Those Great Catalina Races

Sub title: They Really Did Do This

Can you imagine having our own Isle of Man? A replica of the most famous race in the world. 200 motorcycles racing ten laps on a ten mile race course that runs thru mountain and town? A race with so much prestige motorcycle manufacturers built special bikes for it.
A dream? No, they had this for eight years.
26 miles off the coast of California, in the town of Avalon, Catalina Island. The first weekend of May from 1951 thru 1958 contestant's bikes were put on a barge and towed across the channel in the wee hours when the ocean is flat. These races were staged Saturday and Sunday. This story is about the Catalina Grand National and its' relationship to the development of motorcycles as we know them now. This is when a cup of coffee was a nickel and a gallon of gas cost about the same as a pack of cigarettes, 25 cents.

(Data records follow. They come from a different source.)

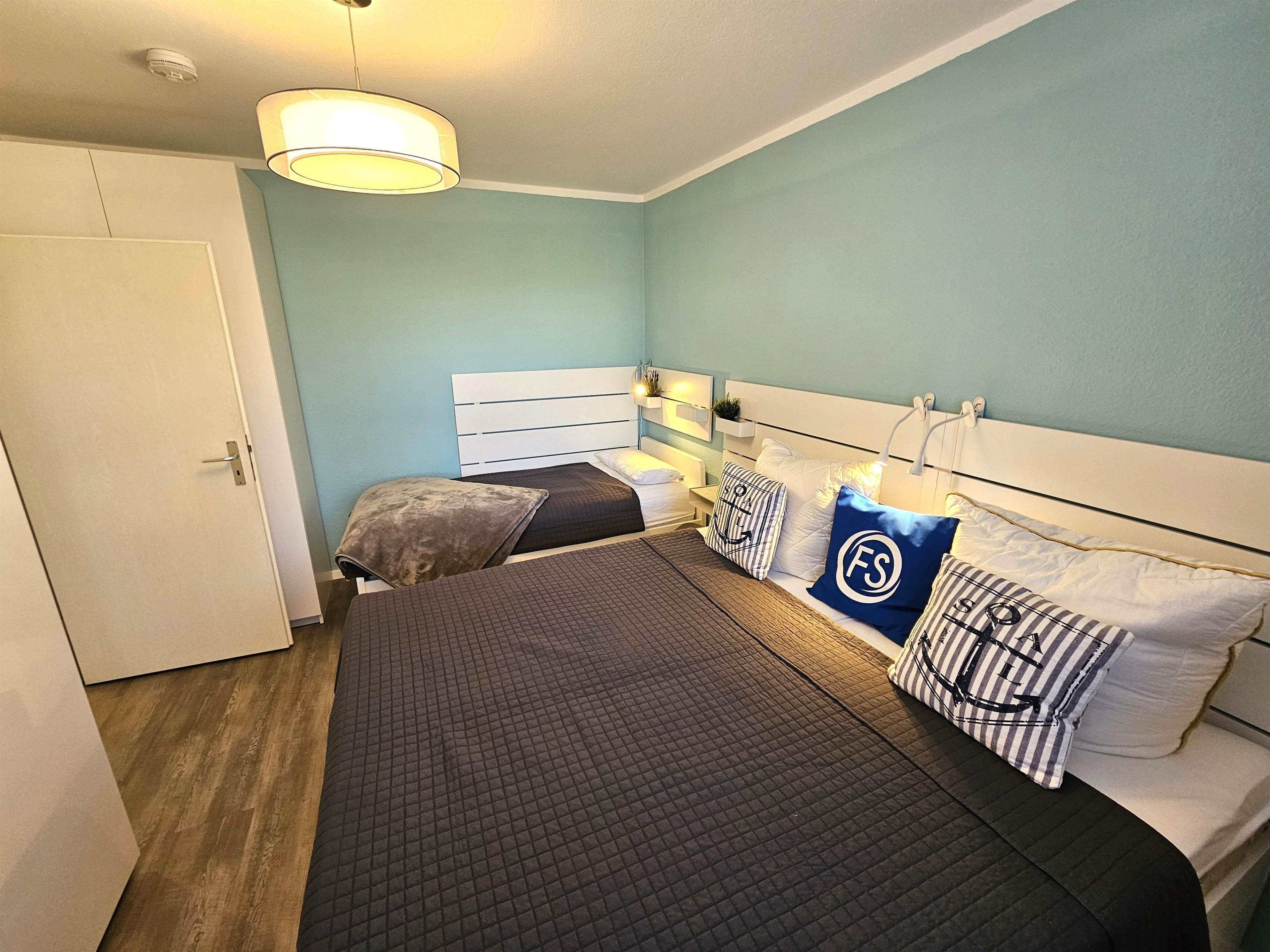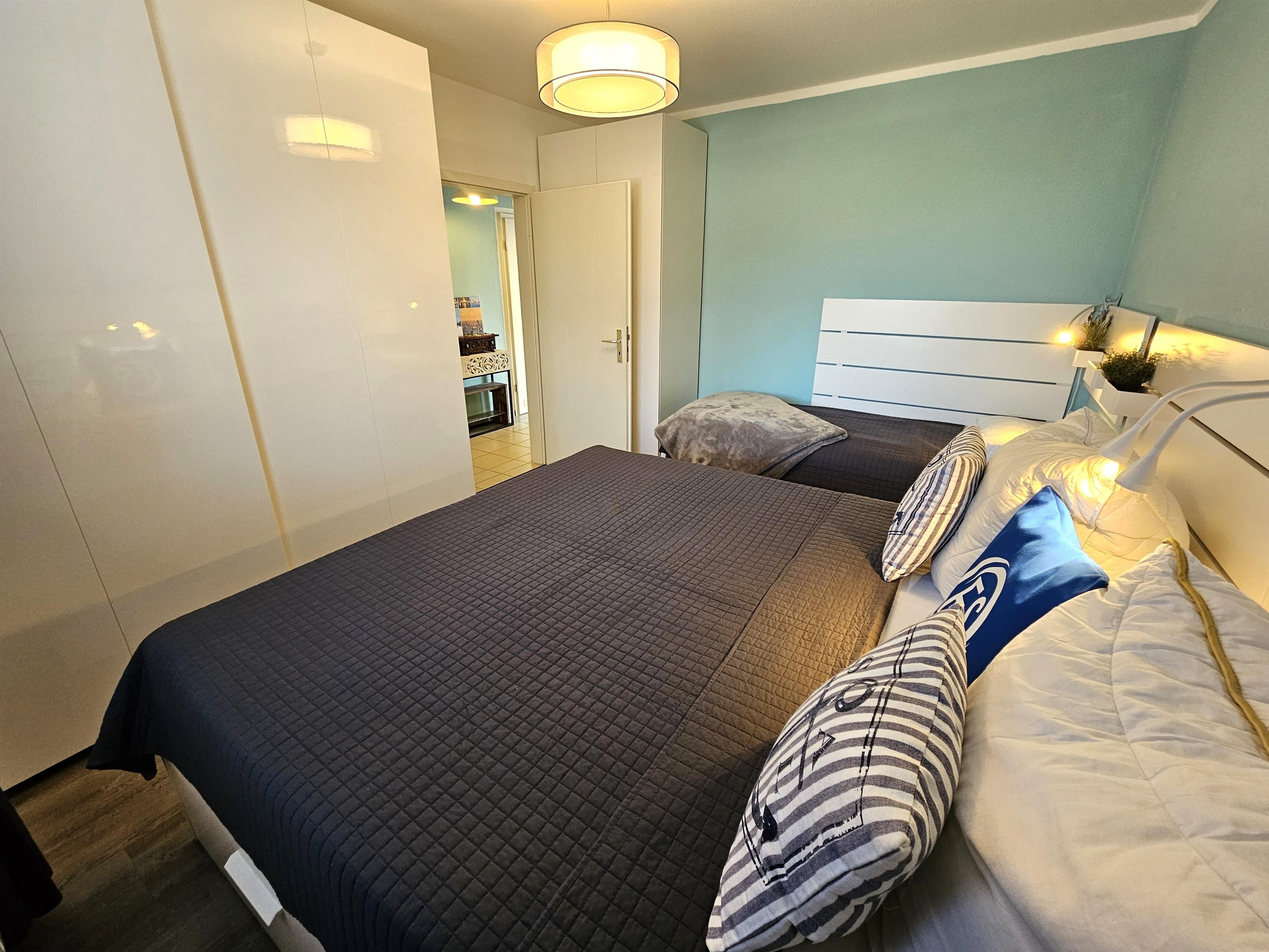 Auf der rechten Seite befindet sich zunächst das Schlafzimmer. Dieses ist ausgestattet mit einem komfortablen Doppelbett (zwei Einzelmatratzen à 80 x 200 cm) sowie einem zusätzlichen Einzelbett (90 x 200 cm). Kleiderschränke bieten ausreichend Stauraum. Ein Fenster sorgt für angenehmes Tageslicht, während Verdunklungsvorhänge für erholsamen Schlaf sorgen.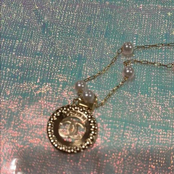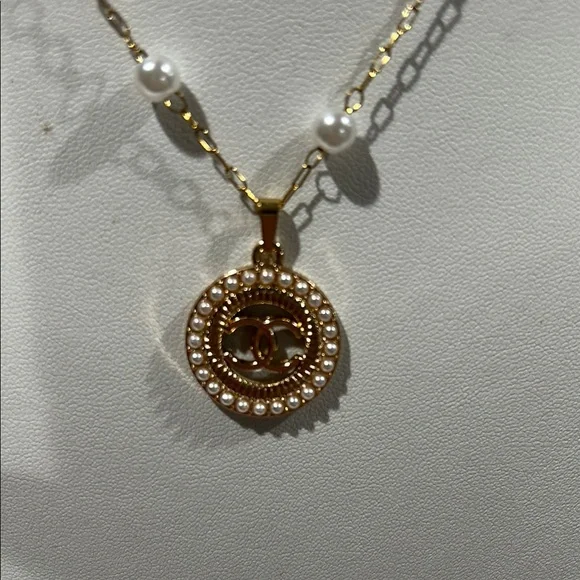 852. This exquisite authenticCHANEL up-cycled charm pendant necklace showcases on an 18k gold & pearl necklace ($98 Retail) , embodying a modern and versatile style. The piece features delicate chain links and intricate detailing, making it a standout accessory for any occasion. Its elegant design is perfect for adding a touch of luxury to your ensemble.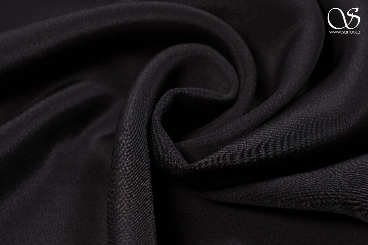 A luxurious, heavy, supple fabric made from pure silk in black, crêpe marocain drapes beautifully. Makes breathtaking evening dresses and bridal gowns.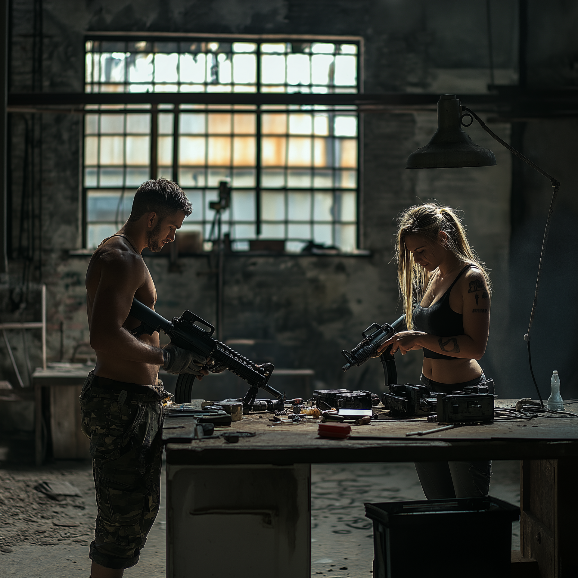 The image depicts a desolate warehouse setting with a post-apocalyptic vibe. A man and a woman are focused on cleaning their firearms amidst the crumbling surroundings, highlighting a sense of survival and preparation.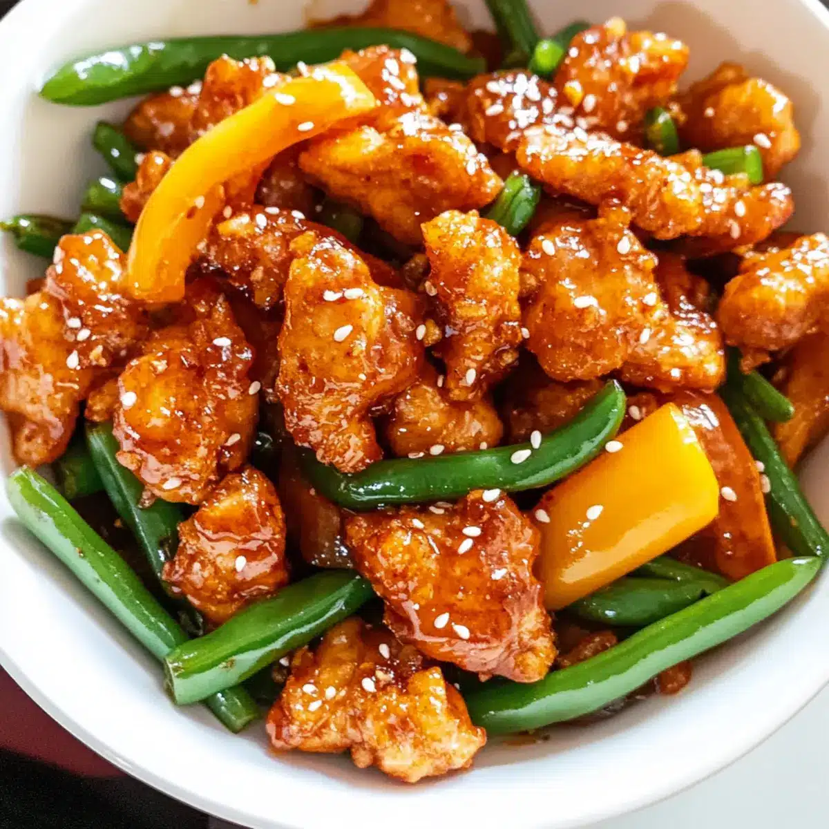 Add the crispy chicken to the sauce, tossing gently to coat each piece evenly. Then, incorporate the sautéed bell peppers and green beans, mixing until everything is well-combined and coated. This final step ensures your Honey Sesame Chicken is flavorful and satisfying.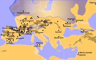 Solutrean finds have been made in the caves of Les Eyzies and Laugerie Haute, and in the Lower Beds of Creswell Crags in Derbyshire, England[14] There was a brief settlement of the Solutrene the Magdalena Cave in the Eifel.[16]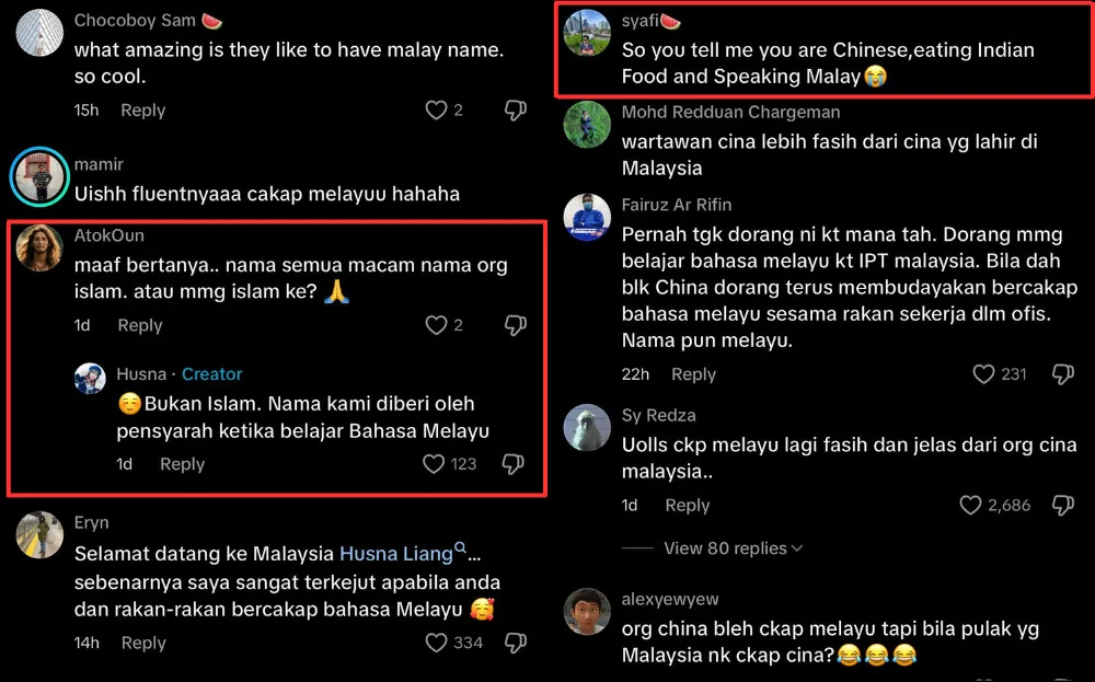 Malaysian netizens have shown clear excitement over the video, with one TikTok user (@/syafi_kahirul) commenting, “So you tell me you are Chinese, eating Indian food and speaking Malay”. Some were also questioning the reason behind the Malay names, to which Husna replies, “We are not Muslims. The names were given to us by our lecturer when we were studying Bahasa Melayu”.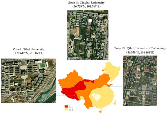 The power generation efficiency, the location, and the array layout of PV systems depends on the solar radiation received on the solar panel surfaces. Due to a vast land mass with diverse meteorological conditions, four major solar radiation zones have been identified from Zone I to Zone IV in China for targeting solar energy utilization [25]. In order to evaluate the technical feasibility and economic benefit of university campus PV systems, Tibet University in Lhasa City, Qinghai University in Xining City, and Qilu University of Technology in Jinan City are selected as study cases, with the location and satellite images shown in Figure 4. Zone IV is not taken into account in the present study due to less solar radiation. The coordinates of three selected universities are (29.647° N, 91.146° E), (36.728° N, 101.747° E), and (36.559° N, 116.804° E), representing Zone I, Zone II, and Zone III irradiation areas in China, respectively.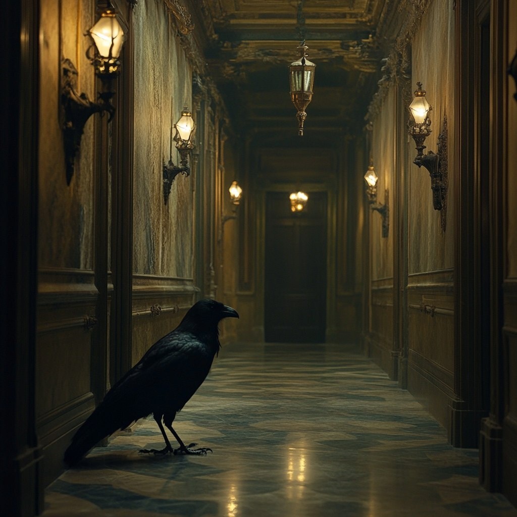 Создано на основе запроса: Main character crow moves through corridor of grand building, wonder, mystical, wall lamps dim light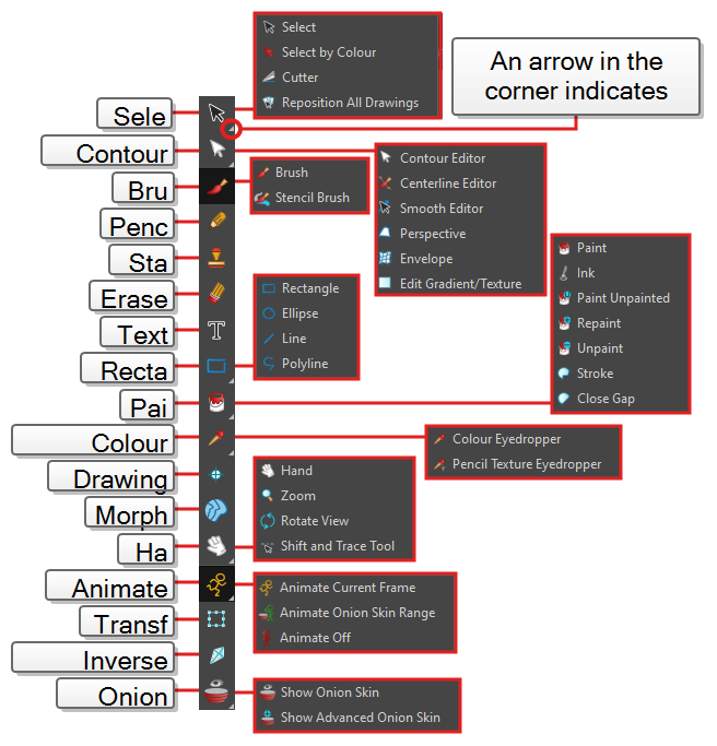 Some of the buttons in the Tools toolbar have a triangle in their bottom-right corner. This is to indicate that several tools are stacked on this button. To access these tools, either click and hold on the tool button, or select the tool then click on it again.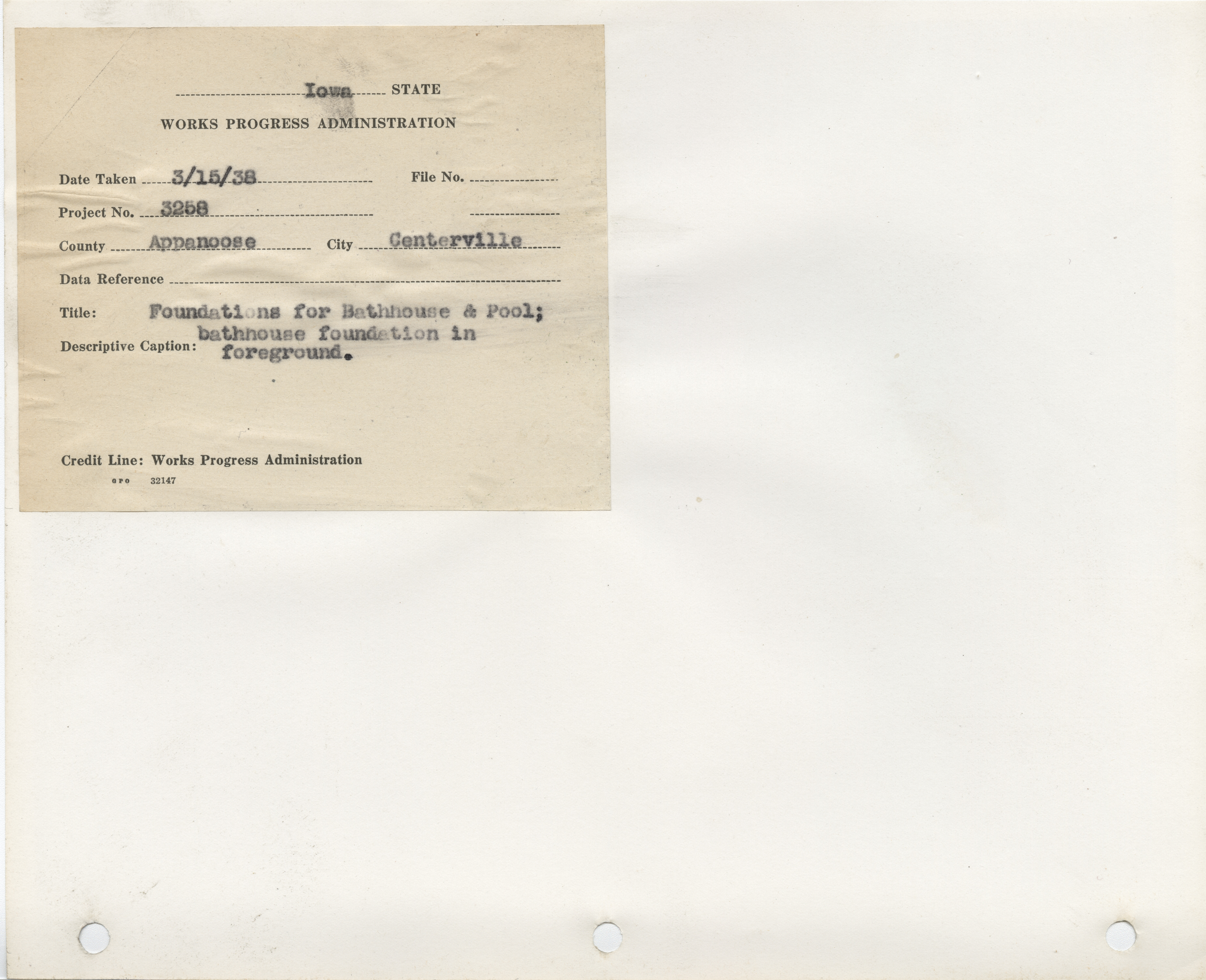 - "Photograph of the foundations for a new swimming pool and bathhouse in Centerville", Work Projects Administration (Iowa) Photographs, Iowa State University Library Digital Collections
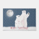 Tiny white starry snowflake pattern on winter blue background with red Merry Christmas text and cute polar bears.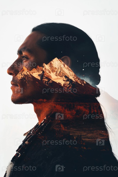 Молодой взрослый индейский мужчина созерцает природу в двойной экспозиции Горная сцена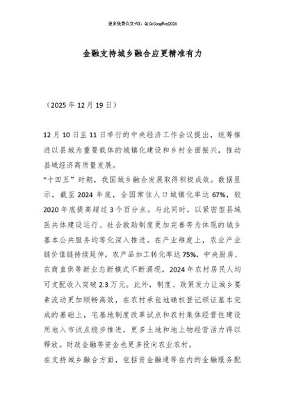 / 【七哥公文】2026年:金融支持城乡融合应更精准有力_副本+更多免费公文+VX:QiGeGongWen2024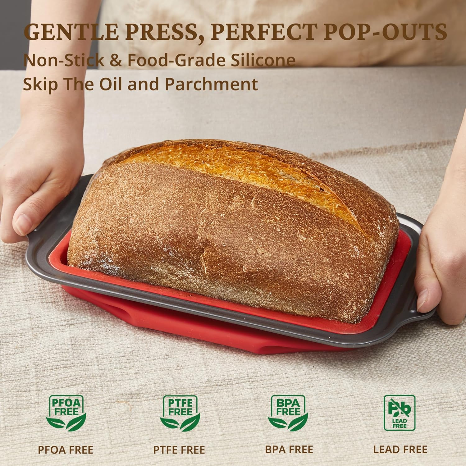 - Non-Toxic & Safe: Our silicone bread loaf pan is made from 100% food-grade, BPA-free silicone, meeting strict U.S. quality standards. It's a safe and healthy choice for your kitchen, one you can trust.
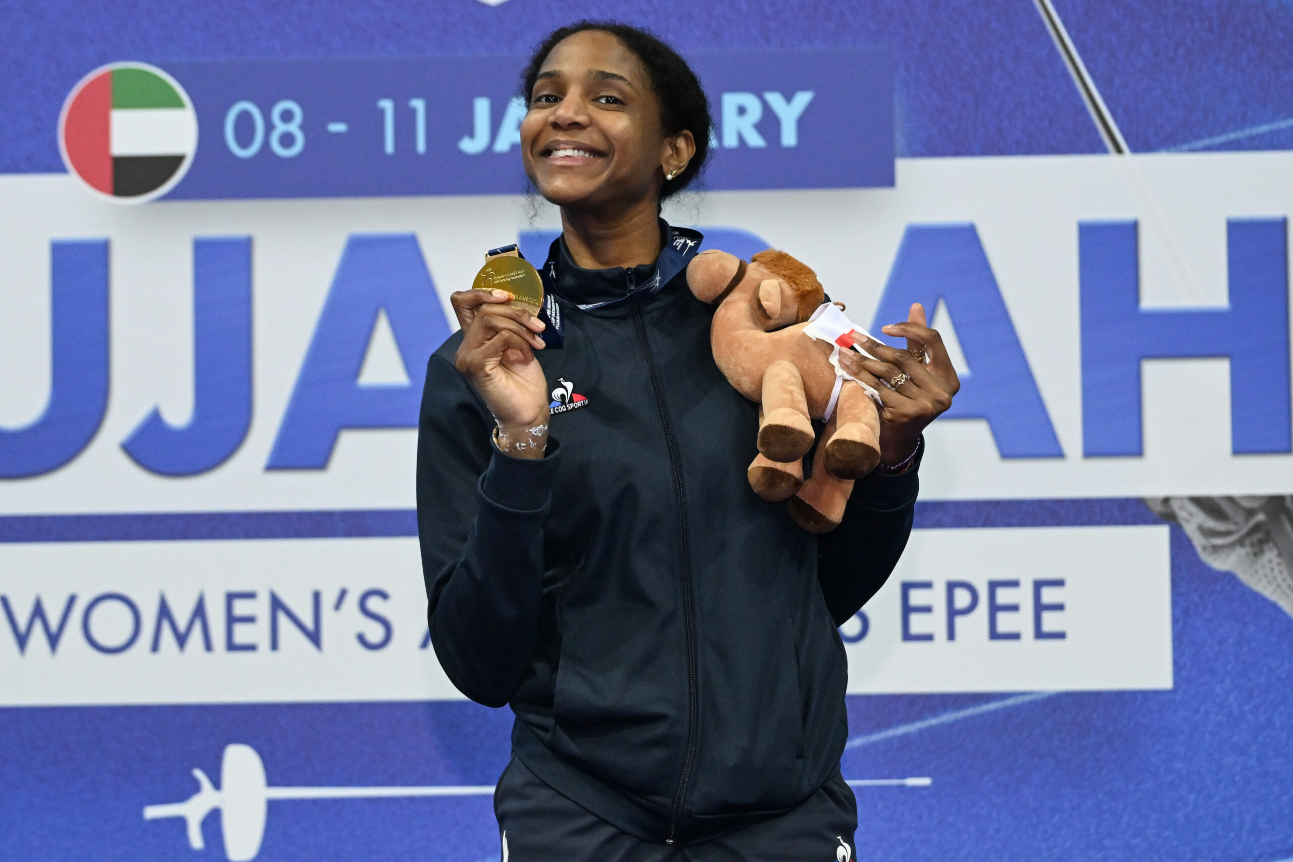 Marie-Florence Candassamy won the gold medal at the FIE Epee World Cup in Fujairah, United Arab Emirates.

During the `50s and `60s controls on motorcycles were not all the same. Harley-Davidsons had a foot operated clutch along with a shift lever on the side of the gas tank. For the 1952 race H-D introduced their new unit construction side valve 45 inch V-twin with a shift lever for the right foot, it was the “K” model. (Forerunner to the 883 Sportster.) The following year 14 of the H-D “K” models entered were of 55 inch displacement. Harley-Davidson put three “K” models into the top ten in both the '53 and '54 races. Then there was Ray Tanner who rode his hand shift 74 inch H-D to 6th in '51, 4th in '52, 7th in '53, 2nd in '54, and 7th in '56. Tanner had an advantage, he would get the bike sideways and drag his floorboards to slow the big V-twin down.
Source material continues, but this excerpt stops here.